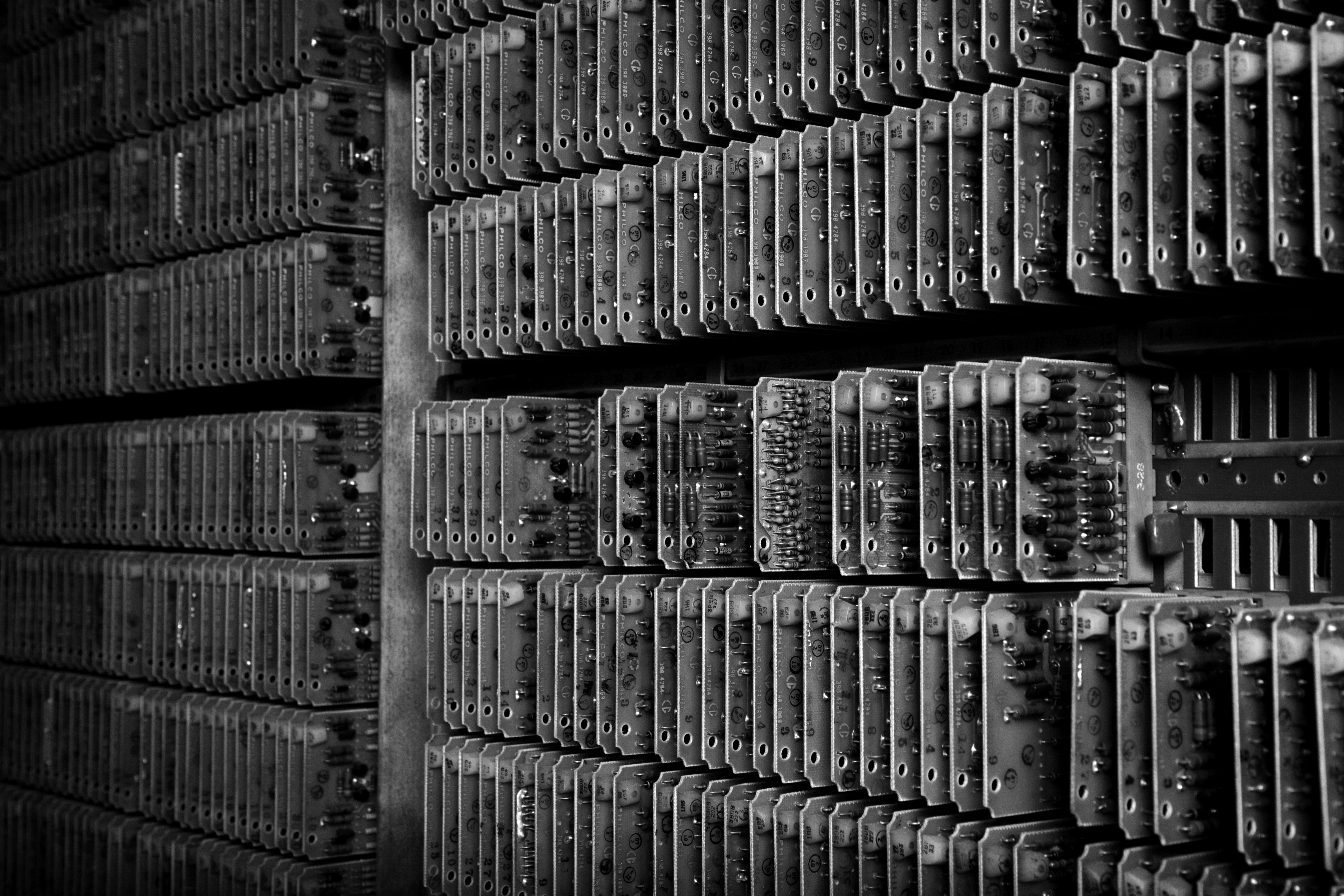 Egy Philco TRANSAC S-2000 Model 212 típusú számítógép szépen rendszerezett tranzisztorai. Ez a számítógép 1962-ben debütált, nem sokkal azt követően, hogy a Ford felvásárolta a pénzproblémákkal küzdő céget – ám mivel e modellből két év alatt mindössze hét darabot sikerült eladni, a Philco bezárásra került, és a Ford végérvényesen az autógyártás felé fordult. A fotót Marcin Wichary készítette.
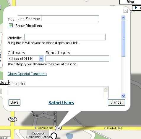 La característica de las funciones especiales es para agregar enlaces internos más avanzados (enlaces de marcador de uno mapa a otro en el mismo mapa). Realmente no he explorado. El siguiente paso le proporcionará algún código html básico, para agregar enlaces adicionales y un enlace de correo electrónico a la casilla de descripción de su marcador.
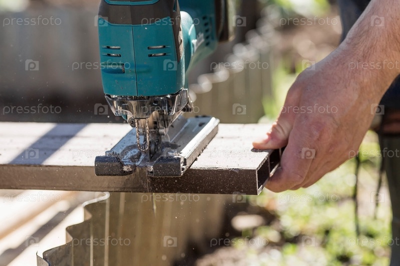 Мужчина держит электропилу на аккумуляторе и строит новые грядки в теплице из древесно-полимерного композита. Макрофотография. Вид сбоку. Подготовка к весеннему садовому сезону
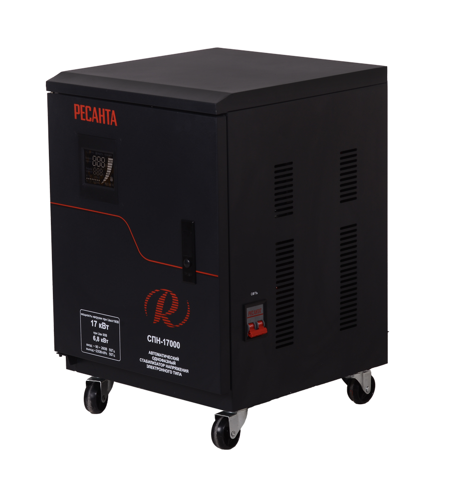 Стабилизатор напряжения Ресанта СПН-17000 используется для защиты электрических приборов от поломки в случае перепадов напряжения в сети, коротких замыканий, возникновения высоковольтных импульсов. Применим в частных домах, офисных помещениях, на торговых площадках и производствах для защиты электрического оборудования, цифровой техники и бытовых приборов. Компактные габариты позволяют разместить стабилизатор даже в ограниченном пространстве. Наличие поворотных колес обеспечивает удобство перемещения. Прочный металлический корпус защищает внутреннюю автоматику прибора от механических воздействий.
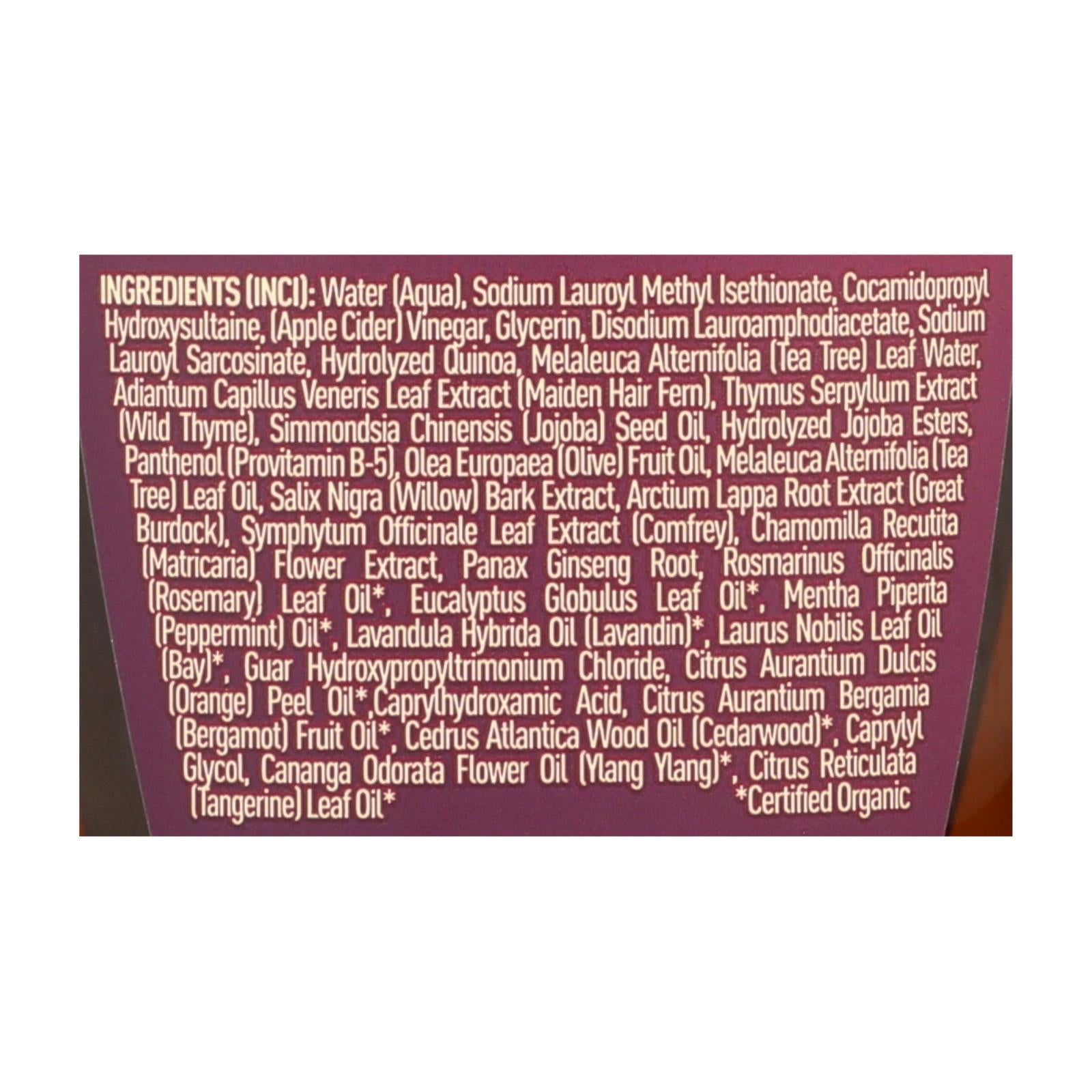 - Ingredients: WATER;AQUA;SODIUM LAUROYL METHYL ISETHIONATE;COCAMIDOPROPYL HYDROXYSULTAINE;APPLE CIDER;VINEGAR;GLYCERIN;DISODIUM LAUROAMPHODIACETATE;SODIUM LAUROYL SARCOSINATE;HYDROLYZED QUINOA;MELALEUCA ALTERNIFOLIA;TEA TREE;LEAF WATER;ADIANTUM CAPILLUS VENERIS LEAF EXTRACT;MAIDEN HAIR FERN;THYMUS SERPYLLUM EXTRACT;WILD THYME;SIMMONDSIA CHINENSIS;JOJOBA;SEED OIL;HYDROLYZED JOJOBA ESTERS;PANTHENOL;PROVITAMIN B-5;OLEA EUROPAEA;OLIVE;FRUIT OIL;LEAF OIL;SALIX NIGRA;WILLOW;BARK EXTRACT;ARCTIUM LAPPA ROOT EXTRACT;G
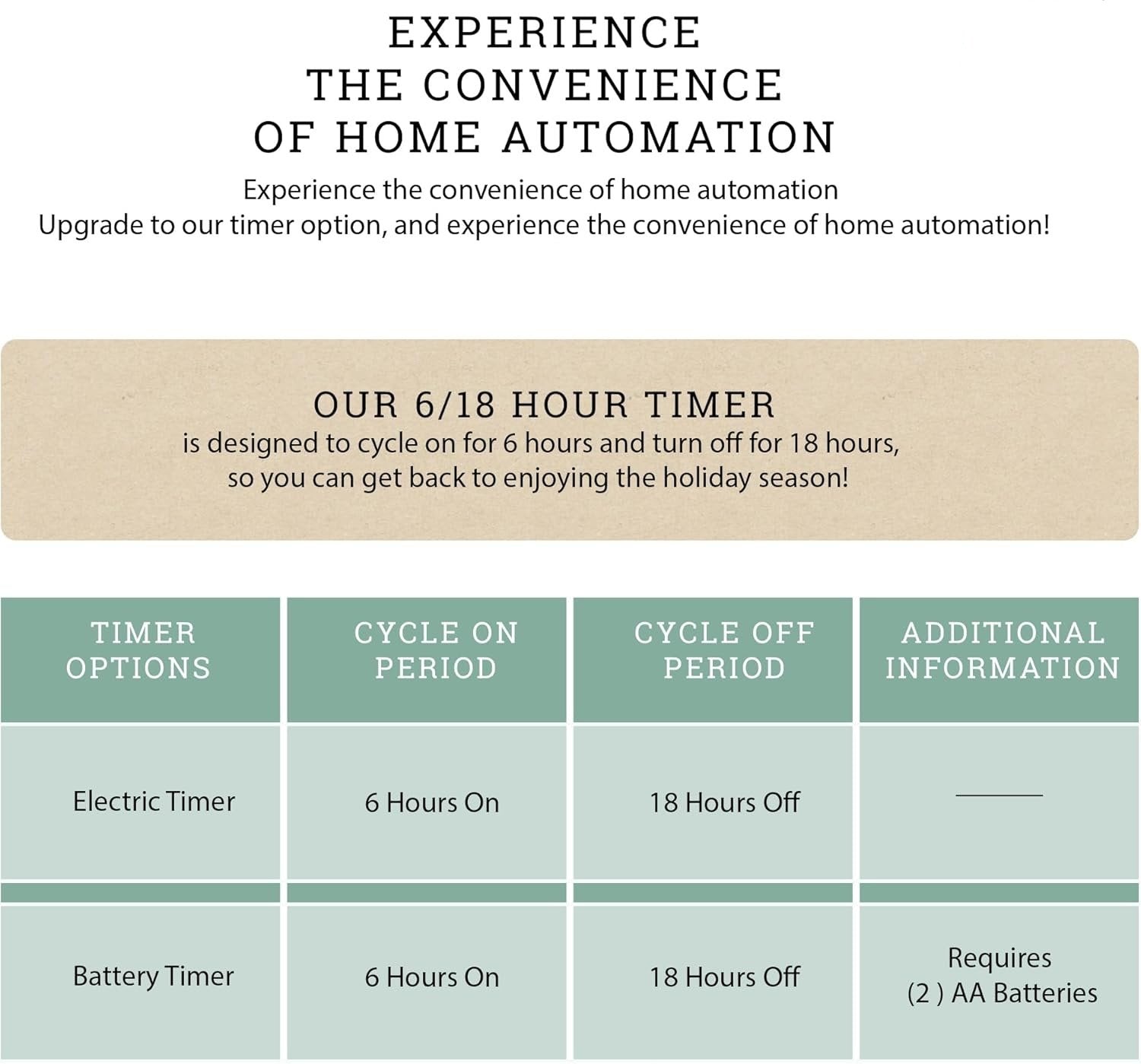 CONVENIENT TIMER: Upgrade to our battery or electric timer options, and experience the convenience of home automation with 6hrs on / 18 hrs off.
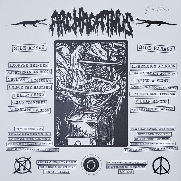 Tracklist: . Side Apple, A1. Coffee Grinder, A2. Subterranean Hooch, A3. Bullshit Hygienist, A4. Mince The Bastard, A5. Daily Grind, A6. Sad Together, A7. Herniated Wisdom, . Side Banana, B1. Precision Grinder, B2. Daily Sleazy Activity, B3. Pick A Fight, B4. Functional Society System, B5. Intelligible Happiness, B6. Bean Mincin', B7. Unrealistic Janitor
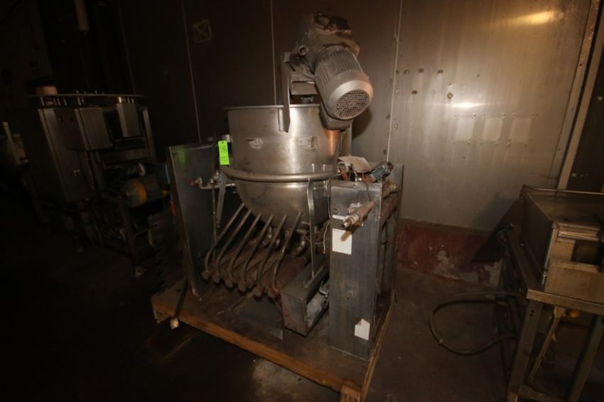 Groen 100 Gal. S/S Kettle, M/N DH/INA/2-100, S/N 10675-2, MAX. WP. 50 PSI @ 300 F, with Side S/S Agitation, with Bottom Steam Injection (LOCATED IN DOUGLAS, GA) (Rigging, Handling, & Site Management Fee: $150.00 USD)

────

[TASK BRIEF] The answer should be an exact restatement of every entry, with the pictures omitted.

[WRITTEN RESPONSE]
 Egy Philco TRANSAC S-2000 Model 212 típusú számítógép szépen rendszerezett tranzisztorai. Ez a számítógép 1962-ben debütált, nem sokkal azt követően, hogy a Ford felvásárolta a pénzproblémákkal küzdő céget – ám mivel e modellből két év alatt mindössze hét darabot sikerült eladni, a Philco bezárásra került, és a Ford végérvényesen az autógyártás felé fordult. A fotót Marcin Wichary készítette.
 La característica de las funciones especiales es para agregar enlaces internos más avanzados (enlaces de marcador de uno mapa a otro en el mismo mapa). Realmente no he explorado. El siguiente paso le proporcionará algún código html básico, para agregar enlaces adicionales y un enlace de correo electrónico a la casilla de descripción de su marcador.
 Мужчина держит электропилу на аккумуляторе и строит новые грядки в теплице из древесно-полимерного композита. Макрофотография. Вид сбоку. Подготовка к весеннему садовому сезону
 Стабилизатор напряжения Ресанта СПН-17000 используется для защиты электрических приборов от поломки в случае перепадов напряжения в сети, коротких замыканий, возникновения высоковольтных импульсов. Применим в частных домах, офисных помещениях, на торговых площадках и производствах для защиты электрического оборудования, цифровой техники и бытовых приборов. Компактные габариты позволяют разместить стабилизатор даже в ограниченном пространстве. Наличие поворотных колес обеспечивает удобство перемещения. Прочный металлический корпус защищает внутреннюю автоматику прибора от механических воздействий.
 - Ingredients: WATER;AQUA;SODIUM LAUROYL METHYL ISETHIONATE;COCAMIDOPROPYL HYDROXYSULTAINE;APPLE CIDER;VINEGAR;GLYCERIN;DISODIUM LAUROAMPHODIACETATE;SODIUM LAUROYL SARCOSINATE;HYDROLYZED QUINOA;MELALEUCA ALTERNIFOLIA;TEA TREE;LEAF WATER;ADIANTUM CAPILLUS VENERIS LEAF EXTRACT;MAIDEN HAIR FERN;THYMUS SERPYLLUM EXTRACT;WILD THYME;SIMMONDSIA CHINENSIS;JOJOBA;SEED OIL;HYDROLYZED JOJOBA ESTERS;PANTHENOL;PROVITAMIN B-5;OLEA EUROPAEA;OLIVE;FRUIT OIL;LEAF OIL;SALIX NIGRA;WILLOW;BARK EXTRACT;ARCTIUM LAPPA ROOT EXTRACT;G
 CONVENIENT TIMER: Upgrade to our battery or electric timer options, and experience the convenience of home automation with 6hrs on / 18 hrs off.
 Tracklist: . Side Apple, A1. Coffee Grinder, A2. Subterranean Hooch, A3. Bullshit Hygienist, A4. Mince The Bastard, A5. Daily Grind, A6. Sad Together, A7. Herniated Wisdom, . Side Banana, B1. Precision Grinder, B2. Daily Sleazy Activity, B3. Pick A Fight, B4. Functional Society System, B5. Intelligible Happiness, B6. Bean Mincin', B7. Unrealistic Janitor
 Groen 100 Gal. S/S Kettle, M/N DH/INA/2-100, S/N 10675-2, MAX. WP. 50 PSI @ 300 F, with Side S/S Agitation, with Bottom Steam Injection (LOCATED IN DOUGLAS, GA) (Rigging, Handling, & Site Management Fee: $150.00 USD)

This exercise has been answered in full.